The elevation of CSF serotonin observed in our patients with psychosis may reflect, among other mechanisms, increased activation of mast cells—major sources of serotonin—leading to enhanced neurotransmitter release and amplified neuroinflammatory responses, which could ultimately contribute to the poorer clinical prognosis observed in these individuals [10,11,12,13,14,15,16,17].

Our findings may contribute to predicting the onset of PS in AD. Nevertheless, serotonergic dysfunction alone cannot fully account for psychosis in AD patients. Other neurotransmitter systems—including dopaminergic, GABAergic, and cholinergic pathways—have also been implicated [14,23]. In our 2023 publication, we demonstrated that α-synuclein levels predicted PS onset in AD, reflecting dopaminergic involvement. Although sensitivity was acceptable (80%), specificity was limited [13]. The present findings, which parallel those results, highlight the need for integrated predictive models combining multiple biomarkers to enhance accuracy in forecasting psychosis onset, particularly through CSF protein profiling.

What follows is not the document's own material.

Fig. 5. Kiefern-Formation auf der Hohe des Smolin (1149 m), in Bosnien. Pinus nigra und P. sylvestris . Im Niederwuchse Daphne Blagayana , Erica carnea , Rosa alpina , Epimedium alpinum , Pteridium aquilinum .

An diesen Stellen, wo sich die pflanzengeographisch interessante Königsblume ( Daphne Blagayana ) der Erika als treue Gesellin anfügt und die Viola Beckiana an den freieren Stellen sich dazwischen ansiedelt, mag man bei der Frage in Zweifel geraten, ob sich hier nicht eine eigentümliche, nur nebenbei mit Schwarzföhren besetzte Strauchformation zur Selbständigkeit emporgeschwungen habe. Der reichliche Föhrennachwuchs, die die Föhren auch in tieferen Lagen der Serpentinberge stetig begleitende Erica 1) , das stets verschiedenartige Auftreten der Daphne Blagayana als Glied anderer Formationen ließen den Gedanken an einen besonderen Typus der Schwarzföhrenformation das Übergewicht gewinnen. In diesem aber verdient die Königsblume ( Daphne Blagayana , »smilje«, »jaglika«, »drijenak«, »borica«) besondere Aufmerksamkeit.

We also emphasize the clinical utility of neurological and neuropsychological assessment in patients with MCI. The presence of extrapyramidal signs on neurological examination or an NPI score ≥ 4 in amnestic MCI patients should raise concern regarding the potential development of PS in the years following AD diagnosis. In the prodromal stage of Alzheimer’s disease, an NPI score ≥ 4 may reflect either a genetic and/or acquired predisposition [11,14], or the involvement of brain regions susceptible to psychotic manifestations. Specifically, dysfunction within the mesolimbic circuit, projecting from the ventral tegmental area to the nucleus accumbens, has been demonstrated to promote positive symptoms such as hallucinations and delusions [23]. Furthermore, the detection of extrapyramidal signs using the UPDRS III scale may indicate concomitant α-synuclein pathology, thereby facilitating the emergence of psychotic symptoms through its clinical overlap with dementia with Lewy bodies [11].

Given the multiple factors influencing prognosis in AD, we selected an eight-year disease duration threshold as the boundary for PS onset, consistent with the reported mean survival following AD diagnosis [24]. Beyond this period, additional medical conditions may contribute to psychosis, not necessarily attributable to AD itself.

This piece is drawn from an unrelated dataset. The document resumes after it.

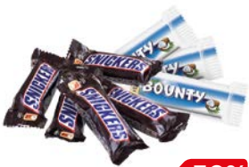
Конфеты СНИКЕРС/БАУНТИ, Минис, 100г

Main limitations include the single-center design and absence of neuropathological confirmation. We acknowledge the potential variability of CSF 5-HT measurements over long-time storage and batch analysis as an additional limitation.

In summary, this study provides the first evidence that elevated CSF 5-HT concentrations are detectable in prodromal AD patients who later develop PS. This novel finding aligns with prior literature and supports the potential of CSF 5-HT as a predicting biomarker, opening new perspectives for early intervention strategies in AD.

5. Conclusions

We present the first evidence that elevated CSF 5-HT levels in prodromal AD are associated with future psychosis. Combined biomarker and deep clinical assessments may improve early risk stratification.